Upon immigrating to Southern Africa in 1692, Hans Heinrich Hattingh started farming at a place that would become known as La Motte. At this point, he married his first wife Marie de Lanoy. In addition to La Motte, he also owned the farms Goede Hoop and Lekkerwijn during this period. A number of years later, Hattingh was widowed. He then sold La Motte to Pierre Joubert, a Huguenot settler, who went on to name it after his ancestral home in France.

Hattingh later married Susannah Visser, a daughter of his fellow free burgher Jan Coenraad Visser and the Indian slave woman Maria van Negapatnam. During this marriage, he owned the Spier estate in Stellenbosch, which he is also said to have named after his own homeland in Europe. He had acquired it as a result of his being pressured into supporting Governor Willem Adriaan van der Stel in his conflict with his fellow colonists.

After writing a letter of support for Van der Stel, the governor granted him the estate - one of the Cape's best. This was a fact that led to considerable resentment on the part of the rebel free burghers, as they regarded Hattingh as a traitor to their cause as a result of it. By the point of his death, Spier would be so valuable that the cost of its slaves alone would be sufficient to purchase a separate farm. Although he didn't leave an inventory of the structures on the estate, it is surmised that they were substantial for the period.

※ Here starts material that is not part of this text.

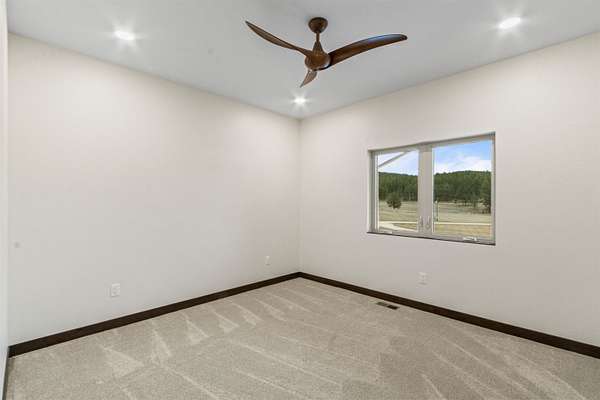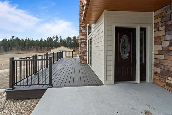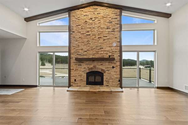 Listed by Jon & Jenni Brue, Keller Williams Realty, 605.381.1055. Move in Ready New Construction! Why wait months for a new build when your dream home is ready today? Welcome to Luxury at your 5 acre retreat. This 4500+ square foot home is a must see! The great room welcomes you with 15' ceilings as you enter this true Zero Entry level home. This great room boasts a ledge rock wood burning fireplace, spacious 25x22' living room with patio sliders to the front maintenance free deck. The kitchen has leathered Quartzite counters with a waterfall edge on the island. Gas or electricity is available for a 36" range. Dual full sized sinks and under cabinet lighting enhance the kitchen. The pantry has built in cabinetry along with designated space for an additional refrigerator/freezer and wine cooler. The spacious primary bedroom has it's own constellation deck for viewing the stars. The Wet Room offers a walk in shower and soaking tub along with dual sinks. Doing laundry is a breeze since the primary suite has it's own laundry room off the walk in closet. Two additional bedrooms and bath accompany this level. Downstairs offers a home in itself, perfect for a multigenerational family! It includes a family room, full kitchen, gas fireplace, walkout patio, game room, office, laundry and two additional bedrooms; a primary ensuite is with a walkout to the patio is one of the two. See documents for additional features. Seller is a licensed real estate agent in the state of SD.

Hattingh had three children with Marie, and ten with Susannah. Both they and their descendants would in turn go on to marry into such families as the Bassons (with Angela van Bengale being the great-grandmother-in-law of his son Christiaan Hattingh I) and the Dednams (with Catharina "Ina" Wagner being the wife of his contemporary descendant Chris Hattingh).

==Notable members==
- Carina Serfontein, opposition politician, currently serving as a municipal councillor
- Chris Hattingh, opposition politician and party leader, currently serving as an MP.
- Douglas Stephen Bax, clergyman, author and anti-Apartheid activist.
- Hans Heinrich Hattingh, immigrant, free burgher and landowner, progenitor of the family.
- Juanita Terblanche, opposition politician, currently serving as a municipal councillor.